I read somewhere that fathers gives children a sense of spontaneity. They give children the art of taking risk, expect the unexpected and to live life on the edge. Father’s would rough house with their children, throwing them high in the air (sometimes not noticing if there’s a ceiling fan above them), and love to scare the living crap out of them. As a mother, when my husband does these things, I’m like, “Don’t do that you might hurt him,” or “I do think he’s old enough to play with that”, or the “Stop you’re going to drop him.” Does this faze my husband? Nope not one bit. His thing is, “If it wasn’t for fathers, kid’s lives would be boring with rules and no fun.” Yes, I married a cocky, did I say very cocky man.
This past four of July weekend, my husband brought some fireworks so the kids can have fun. There’s something about lighting up things and hearing them boom, crack, and pop makes me nervous. Maybe I’m being too much of a mother but that sounds dangerous to me. On the fourth, my husband and my mother in laws companion lit up the fireworks so The Don and Bambino can enjoy them. The Don was so excited that he wanted to run over to the fireworks to look at them. I had to make sure he stayed away and explain to him that he could get burned if he goes near. The Don was getting the sparkles, the golden showers, the little colorful fireworks that looked like candles, the glitter and the bigger ones that I can’t remember the names of and they lit it all.

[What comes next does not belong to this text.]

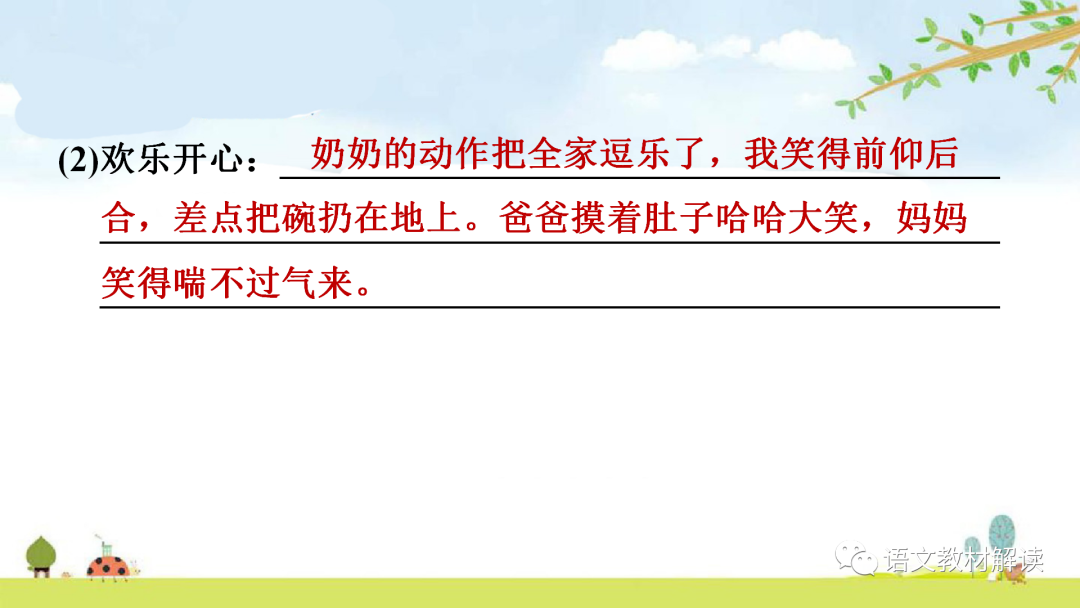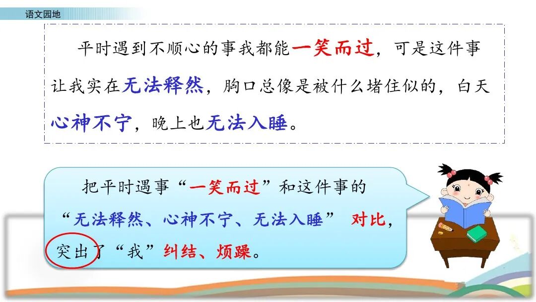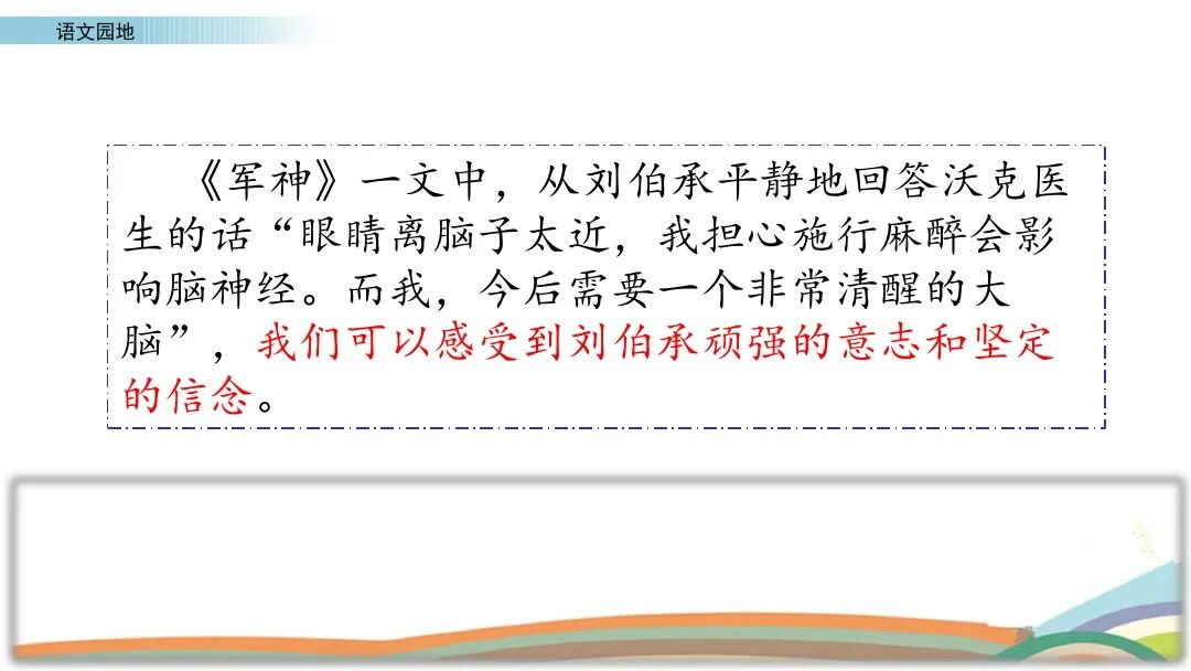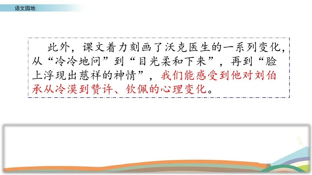 (2)从见到这封电报起,毛泽东整整一天没说一句话,只是一支接着一支地吸着烟。(3)他们用怀疑而又惊异的目光,对我自上而下地望了几遍,就同声命令说:“走吧!”(1)第一句主要抓住沃克医生的神态描写体会,由“惊疑”一词可以体会到沃克医生内心的惊讶和怀疑。(2)第二句主要抓住毛泽东的动作描写体会,“整整一天没说一句话”“一支接着一支地吸着烟”表现了毛泽东内心的无比痛苦。(3)第三句通过国民党士兵的神态和动作描写体会,“怀疑而又惊异的目光”“自上而下地望了几遍”表明他们对“我”作为共产党的领导,身上竟然搜不出一个铜板十分怀疑,内心觉得不可思议。例句:妈妈在公交牌下站着,一会儿翘首远望,看看车来了没有,一会儿双手背后,原地转来转去。看得我都有些头晕了。2.下面的句子写出了人物与平时不同的表现,体会它们的表达效果,照样子说句子。(1)手术台上,一向从容镇定的沃克医生,这次双手却有些颤抖,他额上汗珠滚滚,护士帮他擦了一次又一次。(2)平时遇到不顺心的事我都能一笑而过,可是这件事让我实在无法释然,胸口总像是被什么堵住了似的,白天心神不宁,晚上也无法入睡。(1)在第一句中,沃克医生在往常的手术中是镇定从容,而这一次的表现体现出这不是一次普通的手术。这样的手术,在医生看来,病人是无法忍受的,所以沃克医生异常紧张。(2)第二句通过“我”面对不顺心事的不同表现,“一笑而过”与“‘心神不宁’、‘无法入睡’”的前后对比,体现出事情的糟糕,令人烦恼,“我”无法释怀。例句:考场上,一向轻松淡定应考的小明,这次却心里有些忐忑,手心不断出汗,用纸巾一遍又一遍地擦拭。![]()

“More fireworks please?” The Don said.
“We’ll get some next time.” My husband said and on the sixth of July he brought some more.
What was scary about this fireworks display is that my husband let The Don light some fireworks. The nervousness and anxiety I felt was a little overwhelmed. ‘He’s not ready to light them. He might burn his hand, fingers, face, or his whole body could catch on fire! What is wrong with my husband?’ But The Don didn’t light them by himself; my husband had me light it up with him. Not only The Don might get burnt, Mama will get burnt too. But since I wouldn’t allow myself to get burnt, I wouldn’t let The Don get burnt either. So we lit the firework with a lighted incense and the way those fireworks went. The fireworks popped, sparkled, crackled; spitting out glowing lights in the air. It was a beautiful sight. The Don had fun lighting them and so did I. Every time we lit a firework, we ran back to the steps to watch it go. My husband even had Bambino light up a few. Now, I was adamant about not having Bambino lighting any because you never know what could happen. It could be a dud firework and could blow up in Bambino’s face. But my husband was careful and Bambino came out unscathed.
If you had been reading my blog you probably know that my husband is the laid back, take it as it comes, risk taker parent; while I’m the cautious, sometimes overprotective, think things through parent. There are times that things need to be thought out and you have to be cautious and there are times that you just have to live in the moment and take chances. The kids had fun, my mother in law had fun, and drill sergeant mama relaxed a little and had fun too. It was nice to see what is like to view the world in the mind of my husband but I don’t think I would like to stay there. That man is crazy! Our parenting styles balance each others out and I think the kids would be well rounded because of it.